The simple fact is that we have been shaping the course of our planet's ecology for many millenia. Things haven't really changed in that regard since the dawn of civilization. The only difference is that now, we're more aware of our influence as we exert it, and we now have the means to willfully choose how we shape the world.

G. Verloren said...

Now, all that said, if you're looking for practical proposals, I have a few basic notions.

First, preserve at the very least the DNA of every species we can, for scientific purposes like finding new medicines or devising ways to balance future ecological problems via extant biological systems. It's simply in our best interest to do so.

Second, do everything that is just as much for our own good as much as it is for the environment's. All the standard environmental wisdom applies here - pollute less, create less waste, stop overfishing, stop bulldozing millions of acres of endangered species and ecosystems for unworthy causes, et cetera. Such behaviors are self desctructive, so even if we only care about ourselves, these all need to stop anyway.

Third, promote a culture of appreciation of non-human life. Trying to return the world to some nebulous prior state as imagined in a mythic past is foolish, but that doesn't mean we can't still appreciate and respect the world around us, even when it's unnatural.
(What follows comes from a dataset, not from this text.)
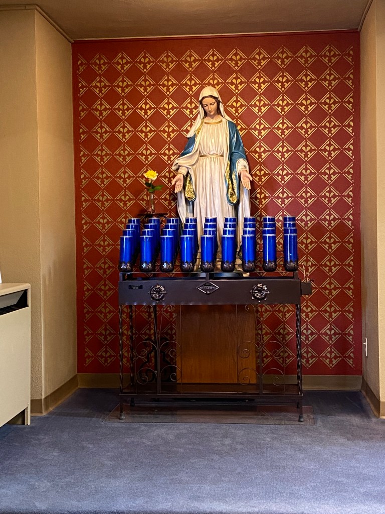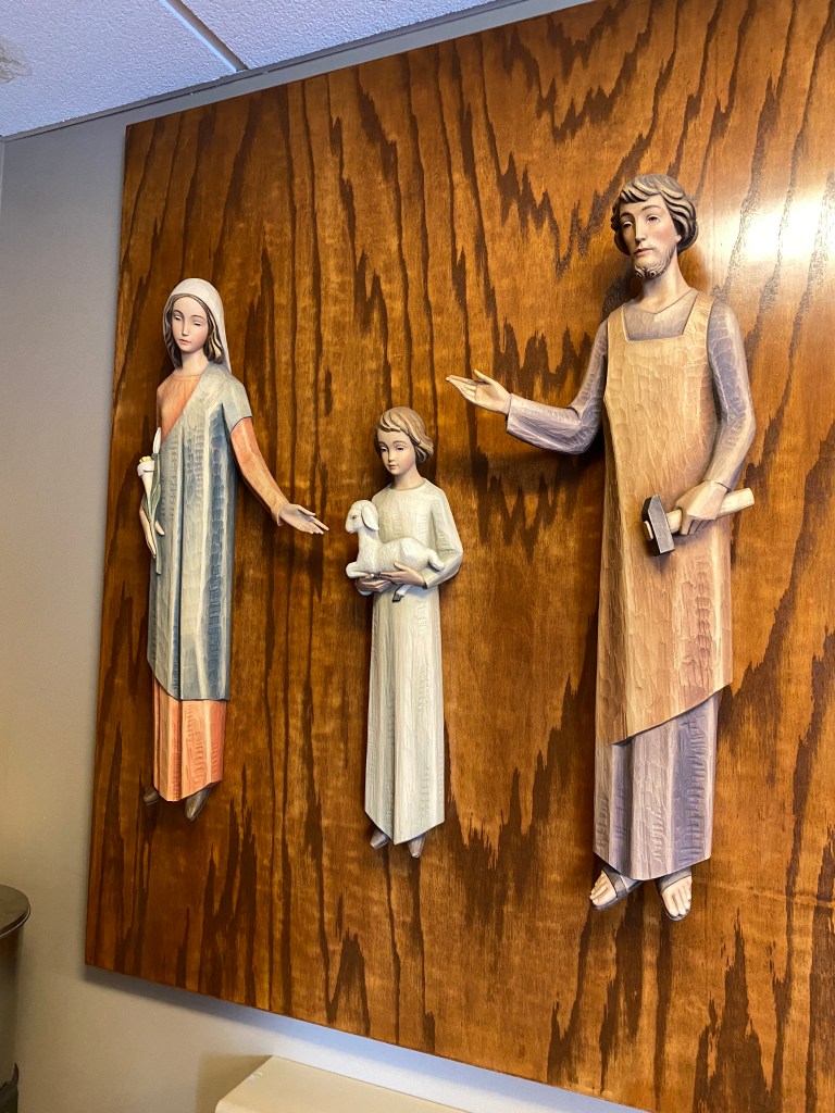 In the vestibule a statue of St. Isidore to your left greets you as you arrive in the church. St. Isidore is the patron saint of farmers and rural laborers. It was no surprise to us being in the heart of America’s farmland to see this saint having a prominent location in this parish. He was known for his love of the poor, and there are accounts of Isidore’s supplying them miraculously with food. He had a great concern for the proper treatment of animals as he would have been in close contact with those that are so commonly found on farms. A little more about St. Isidore can help us understand the strong connection this saint has with farming communities. St. Isidore’s devotion to the faith caused presumption of his character. His habit of rising early for prayer at churches in Madrid often led to his tardiness to farm work. This tardiness was mistaken for languorousness. Being a farmer, therefore, requires patience, perseverance and focus. A lesson we can learn from St. Isidore is that if you have your spiritual self in order, your earthly commitments will fall into order also. Matthew 6:33 He married Maria de la Cabeza and together they had one child who did not survive past childhood. In spite of their personal hardships they generously helped needy neighbors. He died May 15, 1130, and was declared a saint in 1622.

If a local species is valued by the population for its beauty or cultural impact, that should be appreciated and supported - even if the species is actually invasive. It's no different than a region being proud for their signature cuisine, or for their local architecture. The wildlife we choose to foster and promote is just as much a part of our culture as any human artifact is.

People have always drawn inspiration from, and taken pride in, the animals around them. They adorn our flags, they decorate our holy places, they represent qualities and attributes which we find desireable and worth striving to embody, and we use them as a way of reflecting upon who we are, as well as who we wish to be. Our environment shapes us just as much as we shape it, and we should value the creatures and landscapes that surround us for the incredible impact they can have on our lives - from the exotic and flashy, all the way down to the humble and mundane.